Джонсон задумался и, помолчав, сказал:
— Действительно, какие-то неизвестные люди отрыли подвал и частично разграбили его. Лишь намного позже был издан приказ обыскать все развалины, достать оттуда ценные вещи, а также, — он покосился на жену, — установить личность убитых. А потом все развалины сровняли с землей в буквальном смысле слова.
— А сам ты никогда не пытался выяснить, что было в тех чемоданах и ящиках, которые мы тогда привезли?

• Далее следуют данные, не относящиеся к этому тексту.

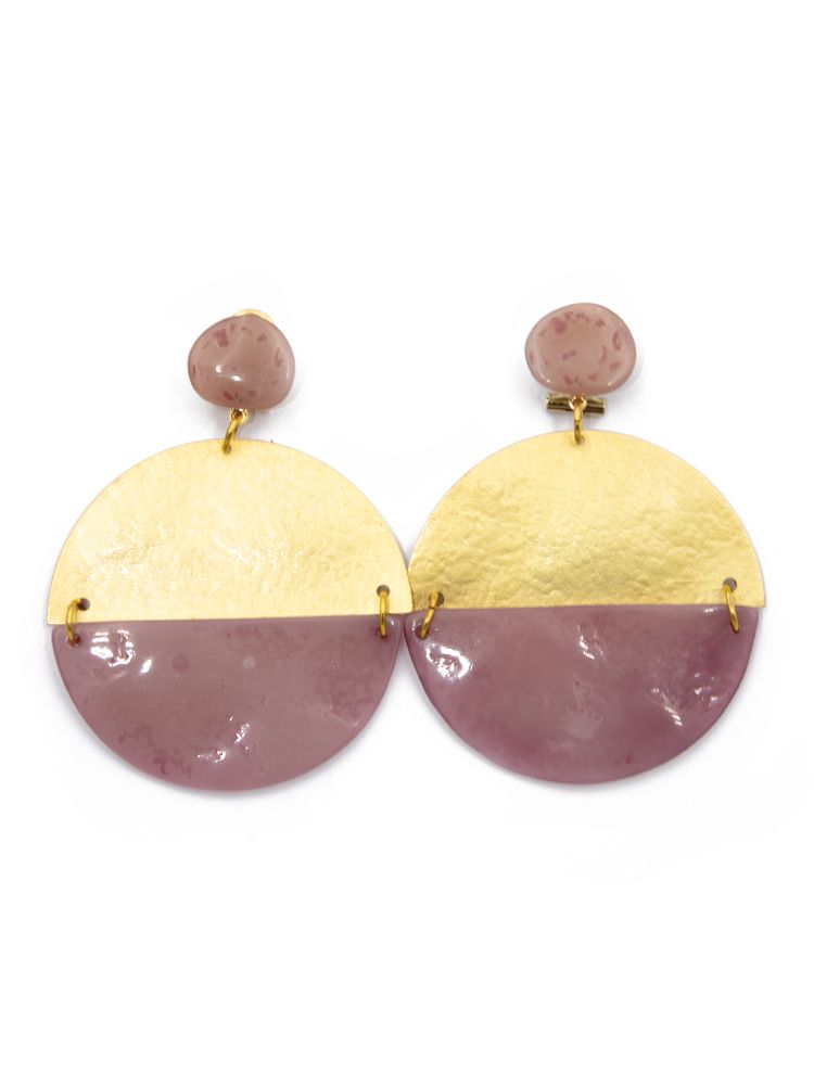 Pendientes de bolas de piedras Ágata multicolor en tonalidad malva con cabezal de nenúfar

— Ян! Неужто ты воображаешь, что я буду лазить с киркой или лопатой, чтобы отрыть несколько помятых банок тушенки?.. Что могло быть в тех ящиках, кроме продовольствия, украденного с лагерного склада? Но я могу сообщить тебе одну любопытную подробность, которую узнал совершенно случайно: заключенные, грузившие тогда эти ящики и чемоданы, в том числе ты, Леон и я, должны были быть уничтожены сразу же по возвращении в лагерь.
— Почему?
— Неужели ты не догадываешься? Братья Шурике готовили себе уютное и безопасное гнездышко и не могли допустить, чтобы их тайну знали трое заключенных.
— А охрана? Сопровождающие?
— Это были доверенные эсэсовцы. Впрочем, неизвестно, какова была бы их судьба. Понимаешь, нам чертовски повезло! Если б не эта меткая, своевременно брошенная бомба…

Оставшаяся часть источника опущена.